3. The poem must be politically neutral, unless, of course, the political message concerns the promotion of smoking.
4. Should the smoking-related images be sparse, the poem must compensate with favorable references to gambling, crafts, and/or recent and upcoming activities at the local visitors center.
5. If the poem is to be performed, the performance will involve one or more of the following: regalia, drums, flutes, fancydancing, or chanting.
6. The poem may be licensed to appear on a casino van, T-shirt, or poster.
7. The poem may be performed at casinos, smoke shops, or visitor centers, or posted on web sites associated with such enterprises.
8. The poem must not be longer than a smoke break.

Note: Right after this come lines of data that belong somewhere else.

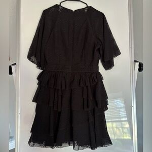 This black chic sundress by The Jetset Diaries is perfect for cocktail occasions, featuring a ruffled, tiered design that adds movement and flair. The dress boasts a stylish plunge neckline creating a sophisticated yet playful look. Its flowing silhouette and classic color make it a versatile choice for any event.
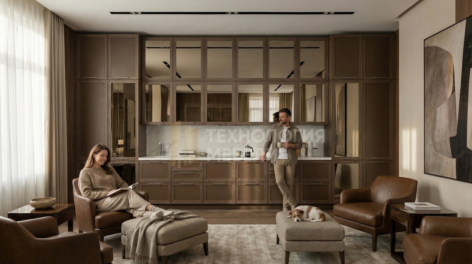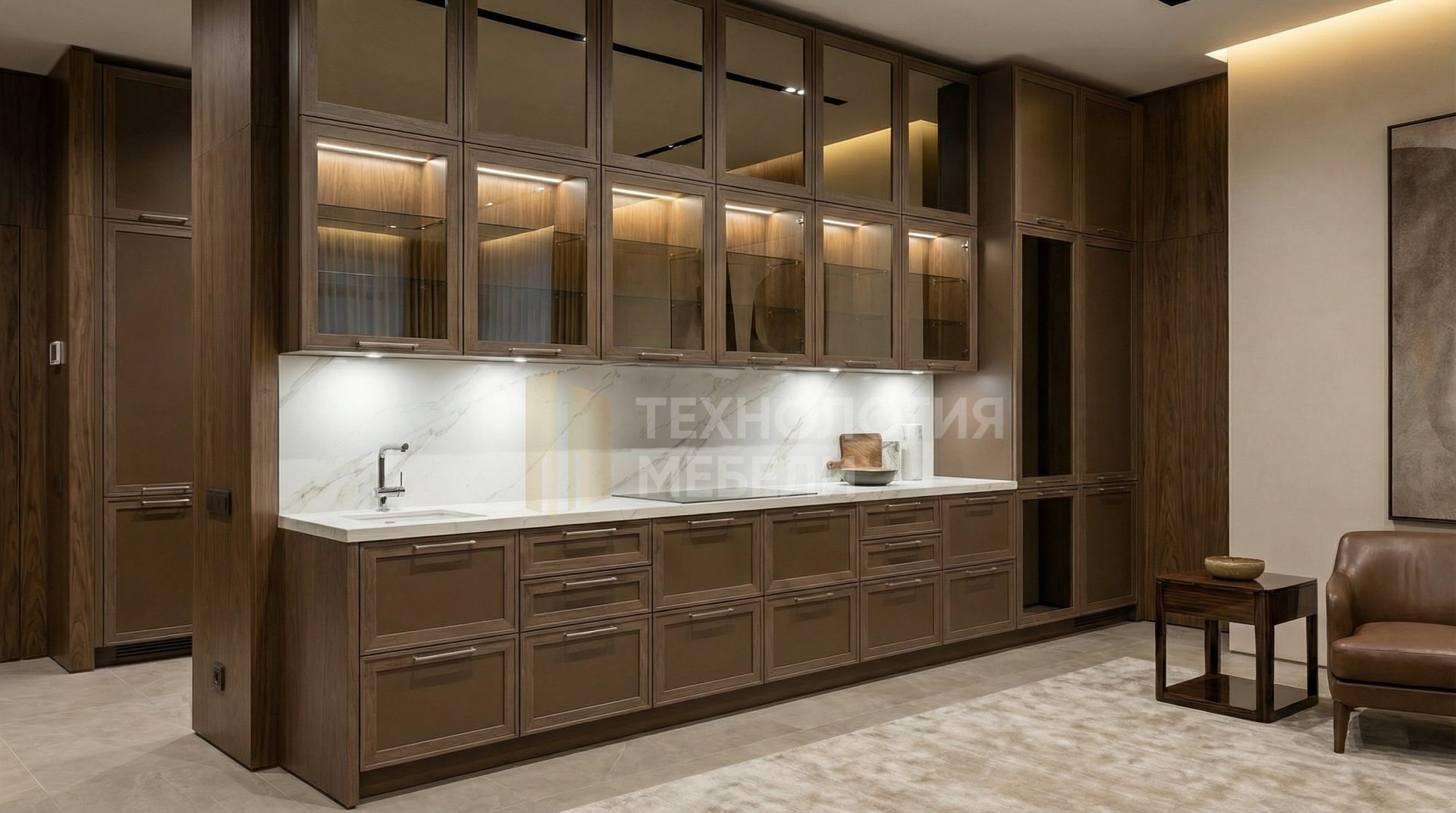 Эта встроенная кухня длиной 4.2 метра гармонично сочетает функциональность и эстетику. Фасады рамочного типа из стекла Лакобель с зеркальным полотном и древесной фактурой устремлены до потолка, создавая единое пространство без открытых полок. Корпус выполнен из металла коричневого цвета. Столешница из HPL-пластика с текстурированной поверхностью имитирует белый мрамор, а фартук из белого керамогранита дополняет образ. Рабочая зона оснащена точечными светильниками. Открывание осуществляется выдвижными ящиками с ручками-скобами. В дизайне использованы кожа, ткань и лак/эмаль, подчеркивая роскошь и стиль. Кухонный остров отсутствует, сохраняя прямую форму кухни.
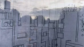 This work addresses the encounter of these two realities, projected one to the other in the gallery space. The first video projection is of a drawing of a place, a still image made from ink pressed into paper, a line of thought. It is the result of contemplation, observation and a conclusion drawn from a period of extended concentration. The second projection is of six video sequences of six journeys, sourced almost randomly from the internet – that represent the globally dispersed references cumulatively building on-line into a shared, uploaded mirror-world. The suspended frame defines a space where both these versions of a place and time meet, rather than being overlaid - one over the other, here they encounter each other from the opposite side, they come up against each other, converging on the thin membrane of the projection film.

These “rules” for SmokeShop Poetry are clear and forthright, but the application of them has already stirred controversy. A young gay poet from Oklahoma, Smokey Guthrie (Choctaw/Chickasaw®), whose stage presence is riveting and whose poetry is carefully crafted, has raised questions about both poetry and marketing. A dedicated smoker himself, he contends that gays, lesbians, and even trans-gendered smokers will be drawn to tribal smoke shops by his poems. Tribal officials are not so sure. “Dem gays and lesbians is okay smokers,” says Iroquois tribal official Gus Jones. “But dey might scare off dem reg’lars wid der fancy ways.” Guthrie responds by reading a recent poem, “Return to Marlboro Mountain (Love and Smokes),” that demonstrates, he claims, “an unexplored link between homoeroticism and smoking that has enormous market potential”:


Standing over a piled-up fire, puffing
a full flavor 100, he stirs beans in a black
pot—he and his partner both hungry from a long
day of wrestling with sheep and each other.
Under that George Strait curved hat, he stares
into the distance, at the other ranch hand who
is bathing on the river bank, naked, but for his hat.
As he takes a pull on the smoke and the beans boil,
he realizes how a man’s back hair and sheep’s
wool feel like velvet between his fingers,
then he crushes the Marlboro under his boot
and ladles the beans from the pot.


It remains to be seen how the controversy over Smokey Guthrie’s poetry will be resolved. While critics argue the poetic merits, tribal officials have commissioned a market study. Ultimately, Guthrie’s fate will be decided not by critics like Marjorie Falls Off, but by the ring and beep of “good swipes” and cash registers. And whatever happens, the SmokeShop Renaissance will continue to gather momentum.

While the SmokeShop generation is respectful of the first Native American Renaissance and those elders who made their own work possible, they’re quick to note that it’s a new world. Protected by two security guards who keep screaming groupies at bay, Fancydance Frasier takes a smoke break backstage at the Buffalo Lounge. “Those old folks back in the 60s,” he shouts. “They may have paved the way, but we’re up on the highway now, and we’ve got the pedal to the metal. And we’re not gonna stop—unless, of course, there’s a smoke shop ahead!”